---------- Given material

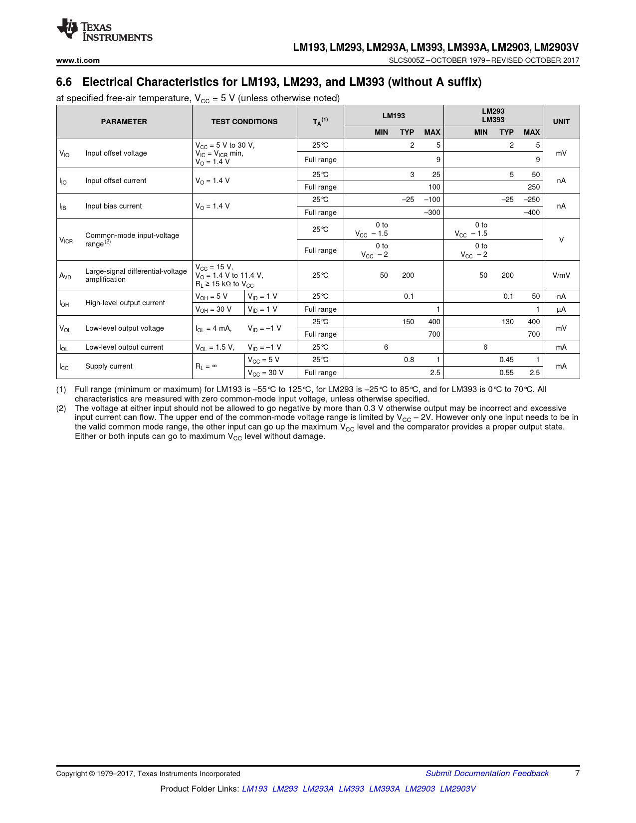 Datasheet LM193, LM293, LM293A, LM393, LM393A, LM2903, LM2903V (Texas Instruments) - 7
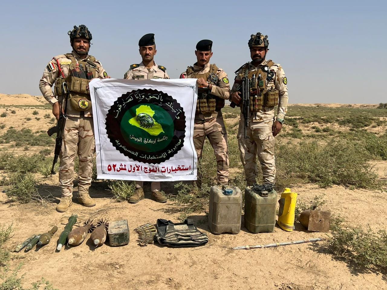 واضاف، ان “مفارز الاستخبارات العسكرية تمكنت من ضبط كدس للعبوات والاعتدة يحتوي على( 61 ) صاروخا من نوع SPG9 ضد الدروع والاشخاص ونمساوي و ( 10 ) عبوات ناسفة محلية الصنع ومختلفة الاشكال و ( 4 ) مساطر تفجير و ( 3 ) اجهزة نوكيا و ( 2 ) شريط احادية 12.5 و حاوية عتاد 12.5 و درع و ( 2 ) ناظور هاون”.
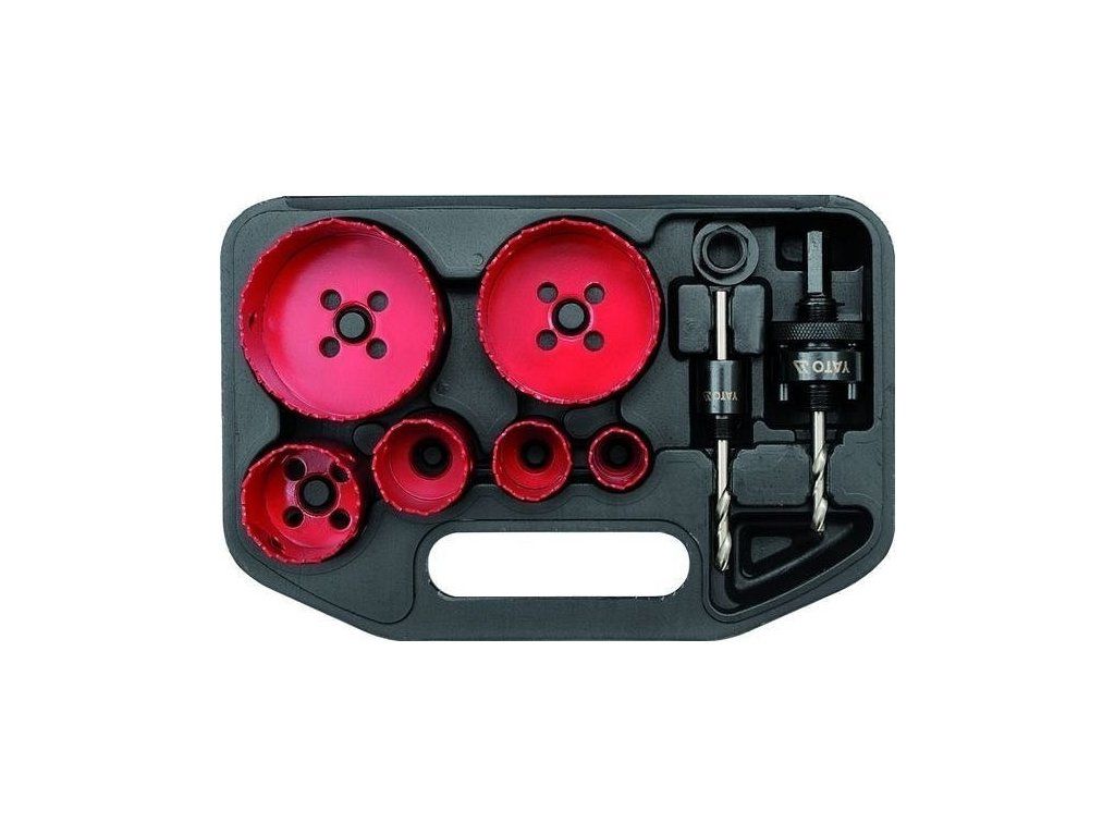 Praktická sada 8 ks vrtacích korunek s unašeči s kulatou stopkou a Hex zakončením.

--------------------

Assignment: Would you return the whole listing above exactly as written, skipping any image?

Answer to the problem:
 Datasheet LM193, LM293, LM293A, LM393, LM393A, LM2903, LM2903V (Texas Instruments) - 7
 واضاف، ان “مفارز الاستخبارات العسكرية تمكنت من ضبط كدس للعبوات والاعتدة يحتوي على( 61 ) صاروخا من نوع SPG9 ضد الدروع والاشخاص ونمساوي و ( 10 ) عبوات ناسفة محلية الصنع ومختلفة الاشكال و ( 4 ) مساطر تفجير و ( 3 ) اجهزة نوكيا و ( 2 ) شريط احادية 12.5 و حاوية عتاد 12.5 و درع و ( 2 ) ناظور هاون”.
 Praktická sada 8 ks vrtacích korunek s unašeči s kulatou stopkou a Hex zakončením.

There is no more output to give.